╭─ Information supplied

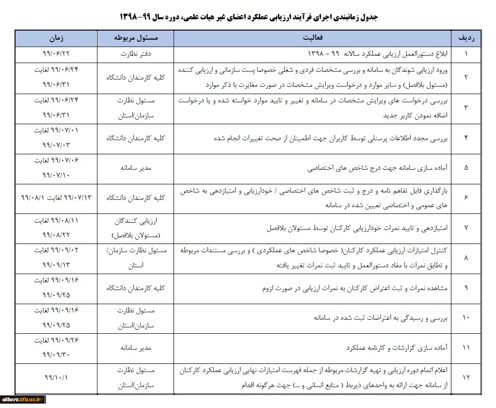 ابلاغ بخشنامه ارزیابی عملکرد سالانه اعضای غیر هیأت علمی دانشگاه فرهنگیان 2
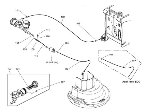 Elektrozawór odpowiadający za doprowadzenie wody/płynu bezpośrednio na szczotkę. Jego awaria skutkuje brakiem płynu na szczotce pomimo podświetlonej funkcji podawania płynu szczotka nadal pracuje na sucho.
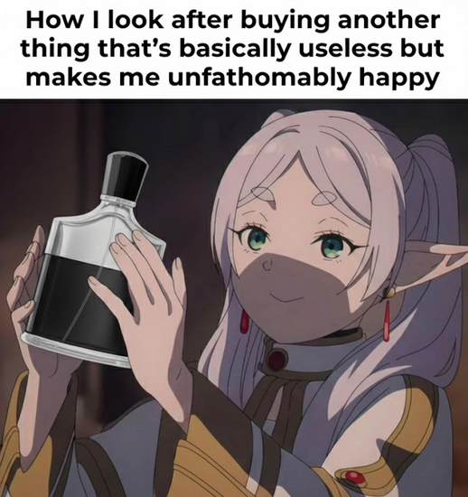 Братик, какое самоутверждение? Мы сидим в парфюмерном треде. Не иметь возможности купить хотя бы 1 колбу базового фрага за 10к - ну о каком тогда парфюмерном увлечении можно говорить?
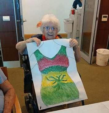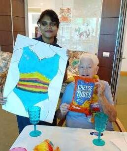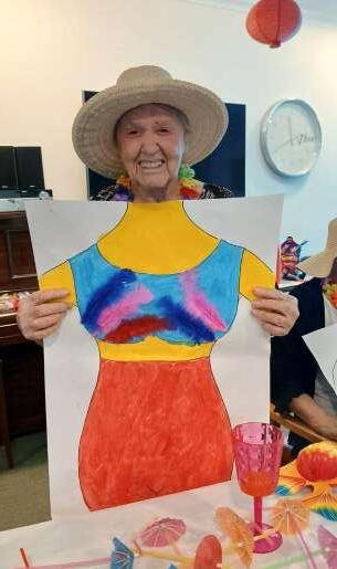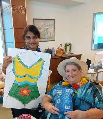 Over summer, residents embraced creativity with their own “Swimwear Competition.” Through arts and crafts, they designed and painted their dream swimwear. After allowing the artwork to dry, everyone gathered for a lively Luau party featuring a fun cup-stacking game. The event concluded with residents modelling their creations, followed by judging. Joan S and Barbara P were announced as the well-deserved winners.
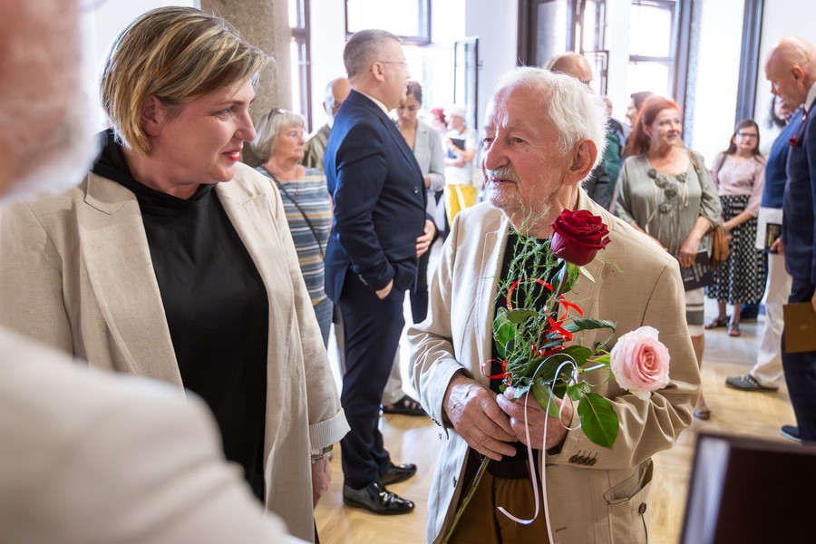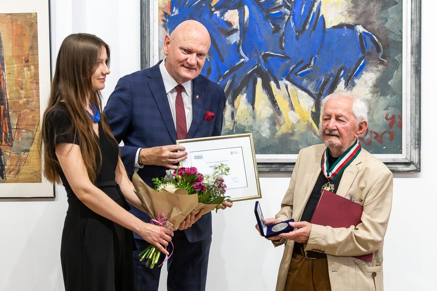 W piątek (7 lipca) w Dworze Artusa odbył się wernisaż prac związanego z Toruniem mistrza witrażoznawstwa i znakomitego malarza Władysława Kozioła. Marszałek Piotr Całbecki uhonorował artystę medalem Unitas Durat Palatinatus Cuiaviano-Pomeraniensis. Podczas spotkania twórca odebrał również Złoty Medal „Zasłużony Kulturze Gloria Artis” i medal pamiątkowy Roku Mikołaja Kopernika 1473-2023. Wystawa czynna jest do 7 sierpnia. Zapraszamy do obejrzenia fotorelacji z wydarzenia.
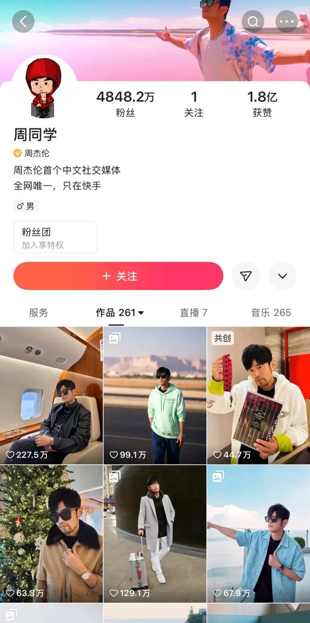 2020年,快手與周杰倫團(tuán)隊(duì)經(jīng)過數(shù)十輪的艱難溝通,最終邀請(qǐng)到周杰倫入駐。并且,快手還和杰威爾音樂達(dá)成版權(quán)合作,獲得周杰倫全部歌曲及MV的短視頻平臺(tái)授權(quán),用戶可免費(fèi)收聽歌曲、觀看MV,創(chuàng)作者也可使用相關(guān)素材。
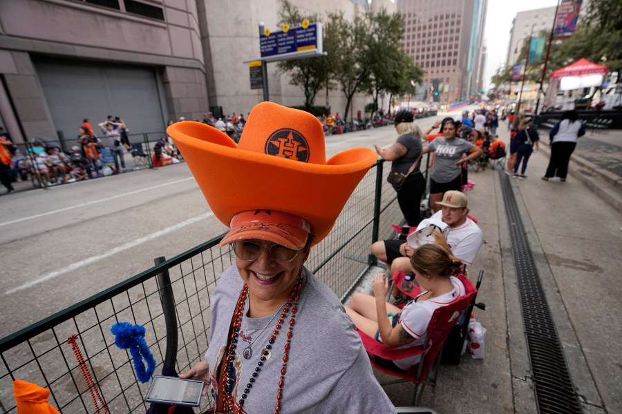 Houston Mayor Sylvester Turner said he encouraged fans coming to the victory parade to “arrive early, wear Astros’ colors, be loud and celebrate safely.” The parade started at noon.
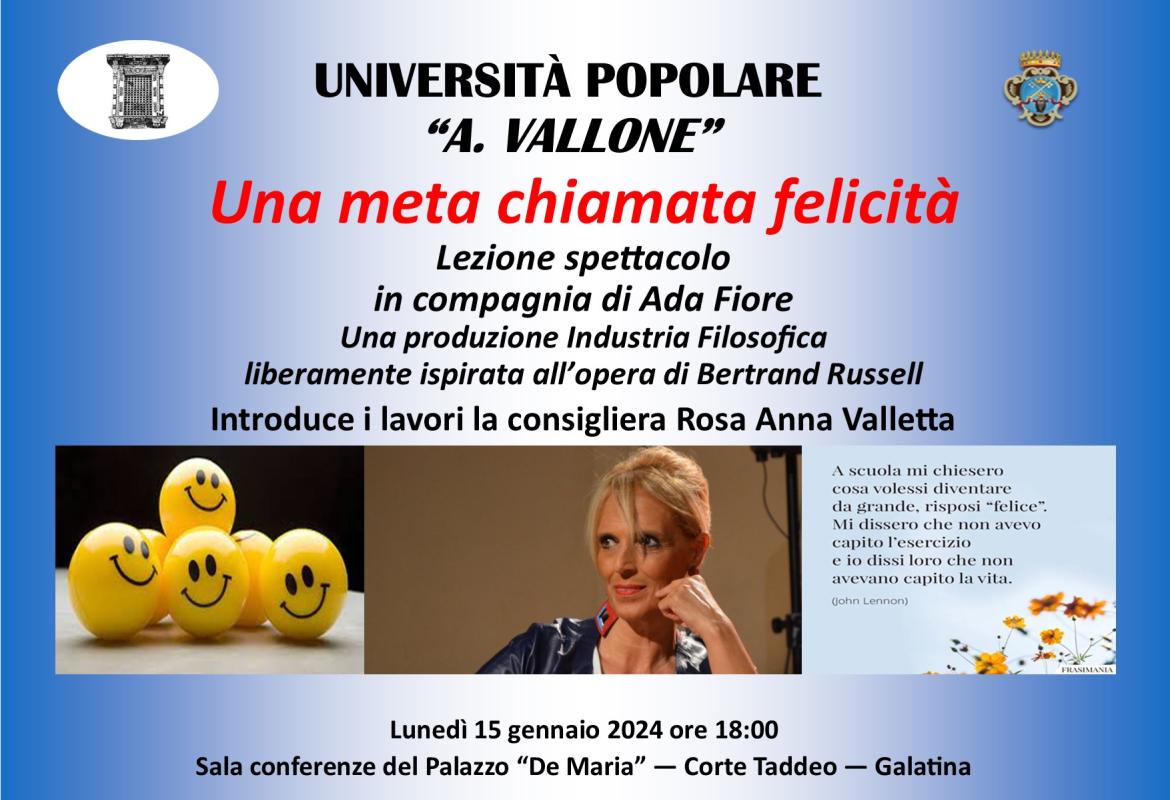 Oggi lunedì 15 gennaio alle ore 18:00, nella Sala conferenze dell’ex Palazzo De Maria, in Corte Taddeo, riprende la programmazione dell’offerta formativa dell’Università Popolare “Aldo Vallone”
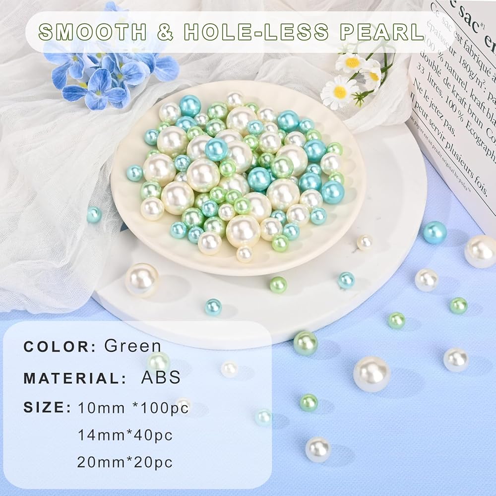 U-LIAN Green Floating Beads for Centerpieces, 160PCS No Hole Faux Pearls and 3000PCS Water Beads for Vase Filler, Round Glossy Polished Bead for Table Scatters, Wedding Party, Home Decor, 10/14/20mm
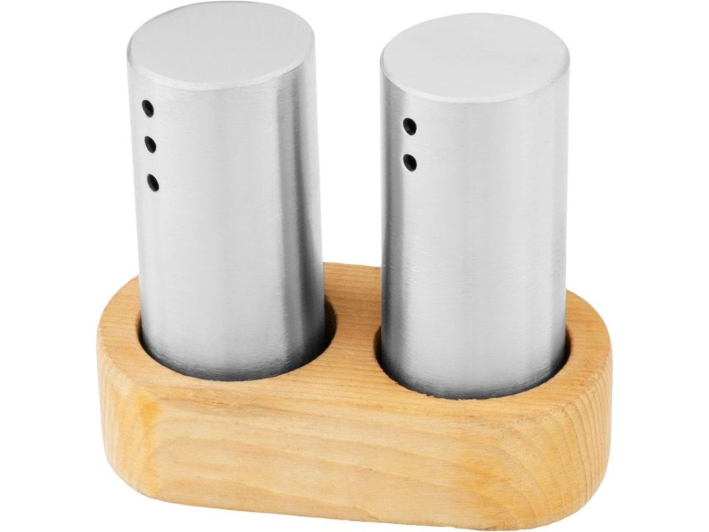 Praktická a elegantní sada pro každou kuchyni.Slánka a pepřenka MagicHome přicházejí v kombinaci nerezových nádobek a dřevěného stojanu, který dodává soupravě přírodní šarm a moderní vzhled.
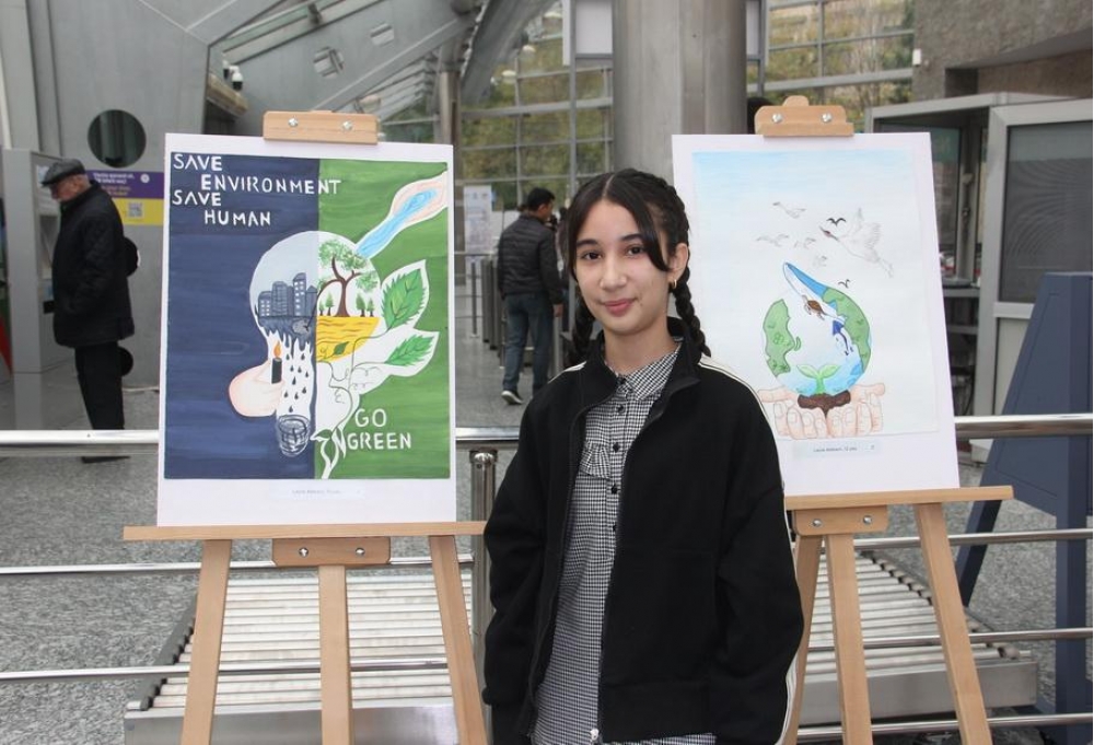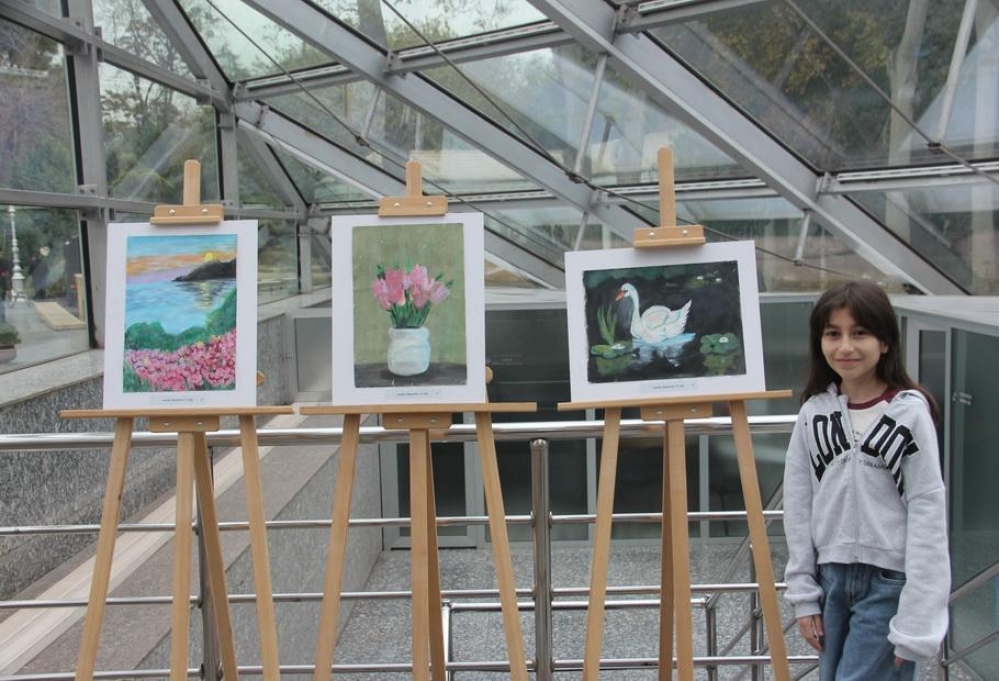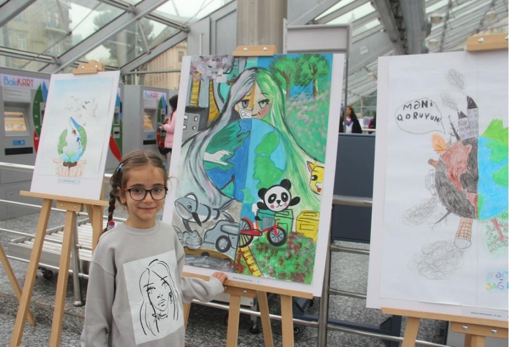 Nümayişə 16 məktəblinin təbiət mövzulu 55 rəsm əsəri çıxarılıb. Bir-birindən rəngarəng fotolardan ibarət sərgi 20 gün davam etdiriləcək və bir neçə stansiyada nümayiş olunacaq.
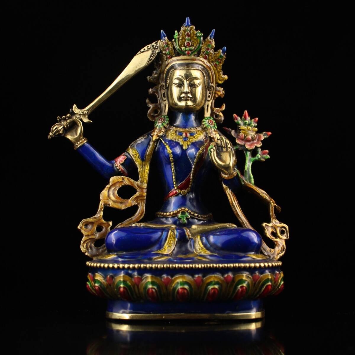 - ▽鴻▽ 銅製 景泰藍 琺瑯彩 文殊菩薩像 置物 古賞物 中国古玩 中国古美術
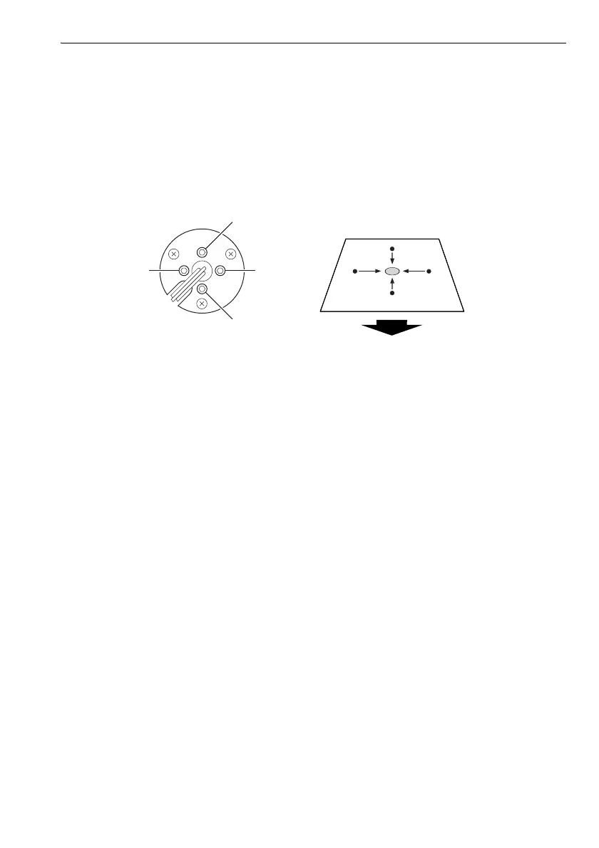 Tightening each of the fine adjustment screws moves the laser plummet beam in the directions
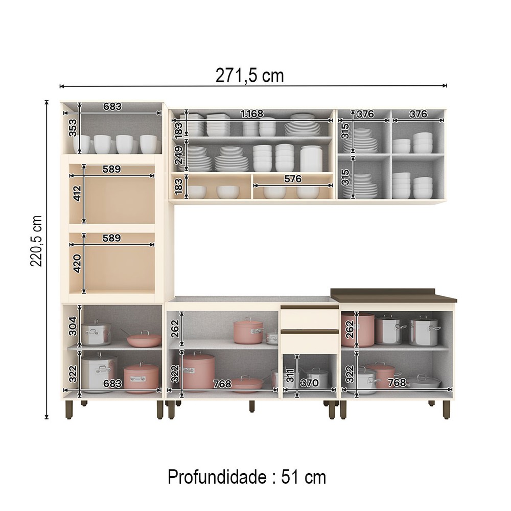 Acompanha 1 Cozinha Completa + Kit Ferragens + Manual de Montagem
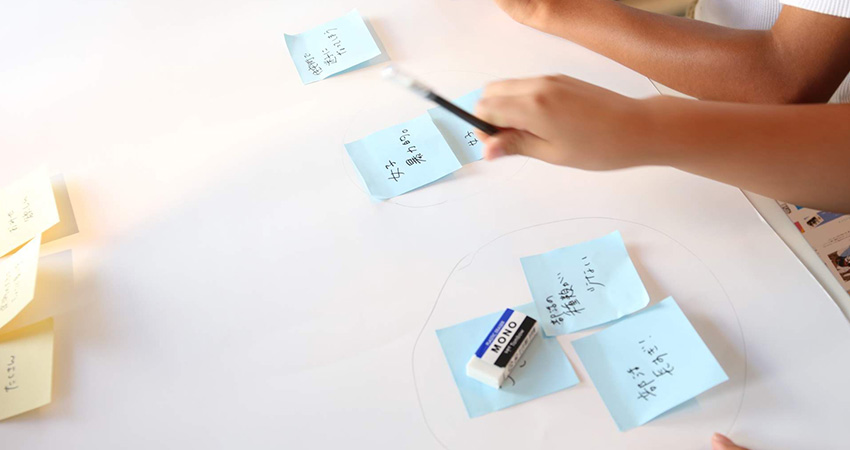 ここで、意見をいったん整理します。近い意見をまとめてグループ分けし、困っていること(青)と、それを解決した先にある理想のミライ(黄色)を組み合わせて線でつないでいきます。
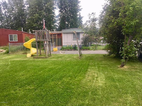 Charming mobile home with a fenced in yard on a corner lot. Covered front porch with new stainless steel kitchen appliances, and new washer and dryer! Yard has a lot of raspberry bushes, an apple tree.lilies, iris, bleeding hearts and more! Playground in the front yard. No repairs to be done. Cash only.
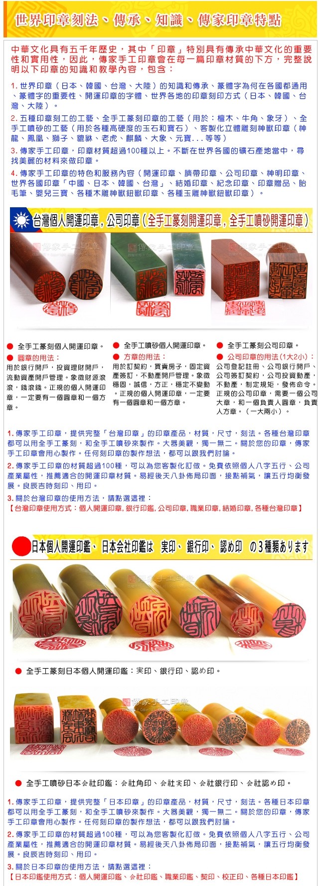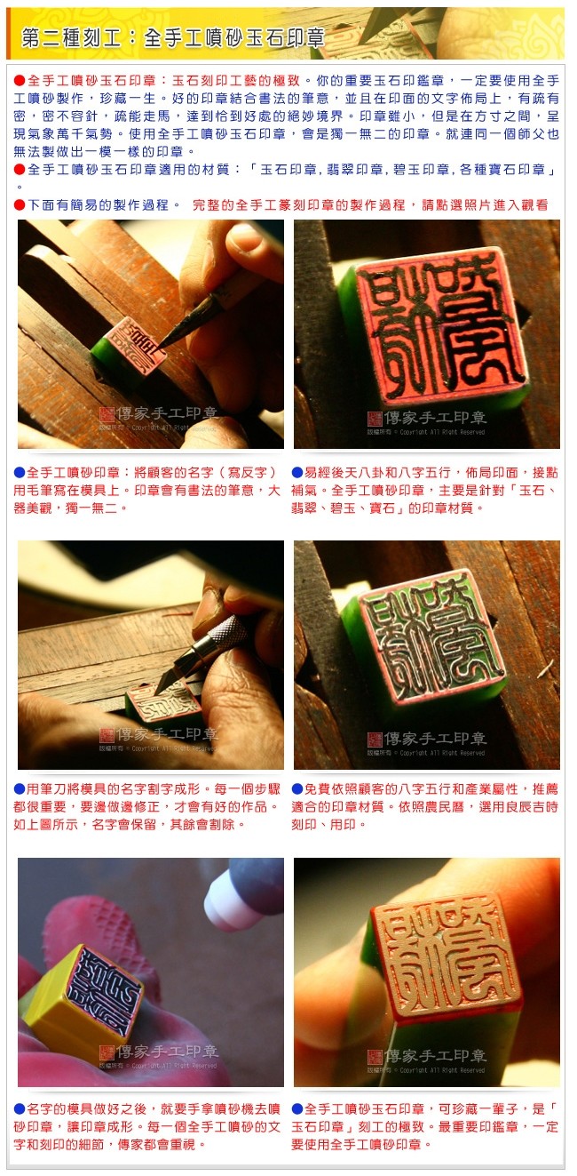 ★傳家手工印章有五種刻印工法。推薦您「全手工篆刻和全手工噴砂印章」:大器美觀,書法筆意, 篆刻刀藝,獨一無二,無法模仿。

╰─

● **Task to complete**
Look above for the line with "Братик, какое самоутверждение?"; quote it and every line after it, stopping after the line with "Praktická a elegantní", exactly, with nothing added and without pictures.

● **Task solution**
 Братик, какое самоутверждение? Мы сидим в парфюмерном треде. Не иметь возможности купить хотя бы 1 колбу базового фрага за 10к - ну о каком тогда парфюмерном увлечении можно говорить?
 Over summer, residents embraced creativity with their own “Swimwear Competition.” Through arts and crafts, they designed and painted their dream swimwear. After allowing the artwork to dry, everyone gathered for a lively Luau party featuring a fun cup-stacking game. The event concluded with residents modelling their creations, followed by judging. Joan S and Barbara P were announced as the well-deserved winners.
 W piątek (7 lipca) w Dworze Artusa odbył się wernisaż prac związanego z Toruniem mistrza witrażoznawstwa i znakomitego malarza Władysława Kozioła. Marszałek Piotr Całbecki uhonorował artystę medalem Unitas Durat Palatinatus Cuiaviano-Pomeraniensis. Podczas spotkania twórca odebrał również Złoty Medal „Zasłużony Kulturze Gloria Artis” i medal pamiątkowy Roku Mikołaja Kopernika 1473-2023. Wystawa czynna jest do 7 sierpnia. Zapraszamy do obejrzenia fotorelacji z wydarzenia.
 2020年,快手與周杰倫團(tuán)隊(duì)經(jīng)過數(shù)十輪的艱難溝通,最終邀請(qǐng)到周杰倫入駐。并且,快手還和杰威爾音樂達(dá)成版權(quán)合作,獲得周杰倫全部歌曲及MV的短視頻平臺(tái)授權(quán),用戶可免費(fèi)收聽歌曲、觀看MV,創(chuàng)作者也可使用相關(guān)素材。
 Houston Mayor Sylvester Turner said he encouraged fans coming to the victory parade to “arrive early, wear Astros’ colors, be loud and celebrate safely.” The parade started at noon.
 Oggi lunedì 15 gennaio alle ore 18:00, nella Sala conferenze dell’ex Palazzo De Maria, in Corte Taddeo, riprende la programmazione dell’offerta formativa dell’Università Popolare “Aldo Vallone”
 U-LIAN Green Floating Beads for Centerpieces, 160PCS No Hole Faux Pearls and 3000PCS Water Beads for Vase Filler, Round Glossy Polished Bead for Table Scatters, Wedding Party, Home Decor, 10/14/20mm
 Praktická a elegantní sada pro každou kuchyni.Slánka a pepřenka MagicHome přicházejí v kombinaci nerezových nádobek a dřevěného stojanu, který dodává soupravě přírodní šarm a moderní vzhled.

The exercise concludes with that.